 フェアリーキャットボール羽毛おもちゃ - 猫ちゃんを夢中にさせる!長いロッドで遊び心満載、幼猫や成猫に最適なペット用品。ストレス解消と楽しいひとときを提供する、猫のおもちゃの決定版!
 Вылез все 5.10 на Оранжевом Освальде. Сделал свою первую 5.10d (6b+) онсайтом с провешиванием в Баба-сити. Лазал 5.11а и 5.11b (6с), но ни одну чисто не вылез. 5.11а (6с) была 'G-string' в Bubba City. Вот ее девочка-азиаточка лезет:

---

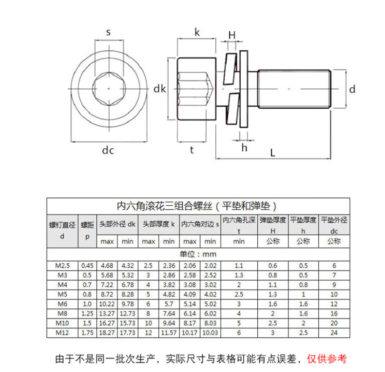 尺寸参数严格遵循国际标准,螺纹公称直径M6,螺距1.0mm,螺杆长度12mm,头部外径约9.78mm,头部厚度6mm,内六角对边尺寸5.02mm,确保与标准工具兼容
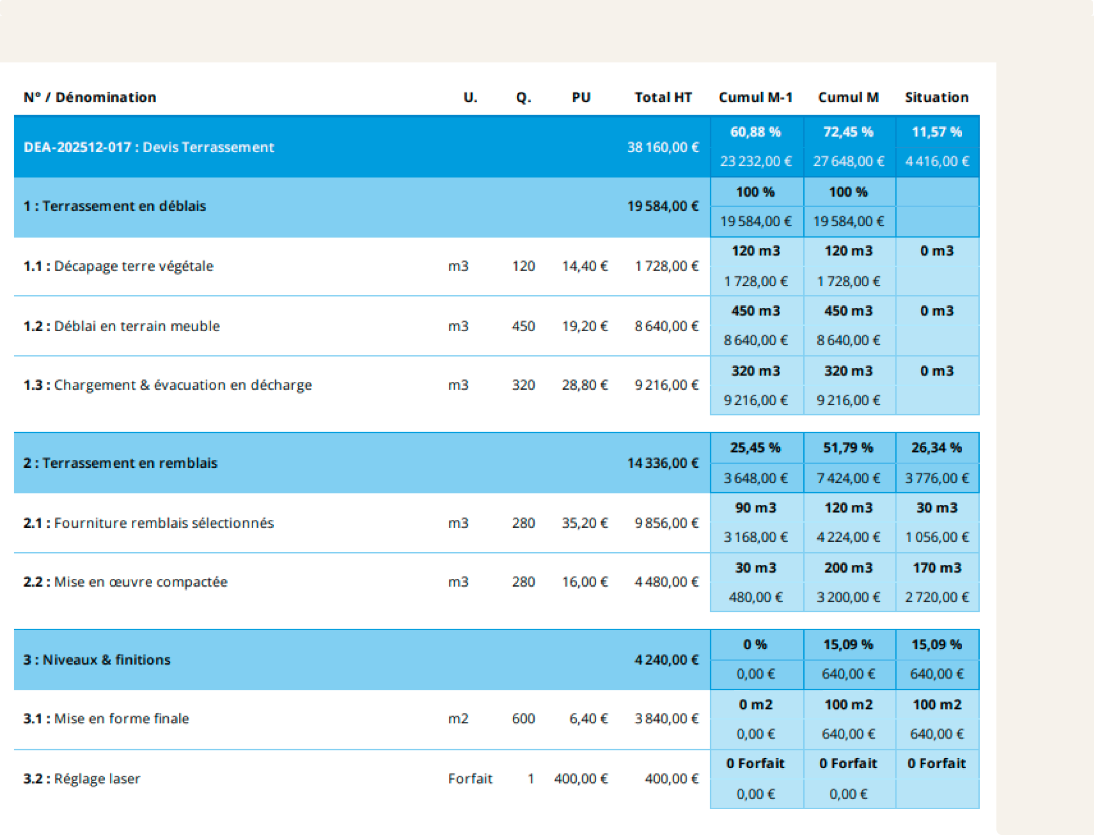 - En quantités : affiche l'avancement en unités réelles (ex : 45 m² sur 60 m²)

§ Work required:
Copy needed, without pictures: the lines of the listing above from the line containing "尺寸参数严格遵循国际标准,螺" up to and including the line containing "- En quantités", set down exactly.

§ Worked solution:
 尺寸参数严格遵循国际标准,螺纹公称直径M6,螺距1.0mm,螺杆长度12mm,头部外径约9.78mm,头部厚度6mm,内六角对边尺寸5.02mm,确保与标准工具兼容
 - En quantités : affiche l'avancement en unités réelles (ex : 45 m² sur 60 m²)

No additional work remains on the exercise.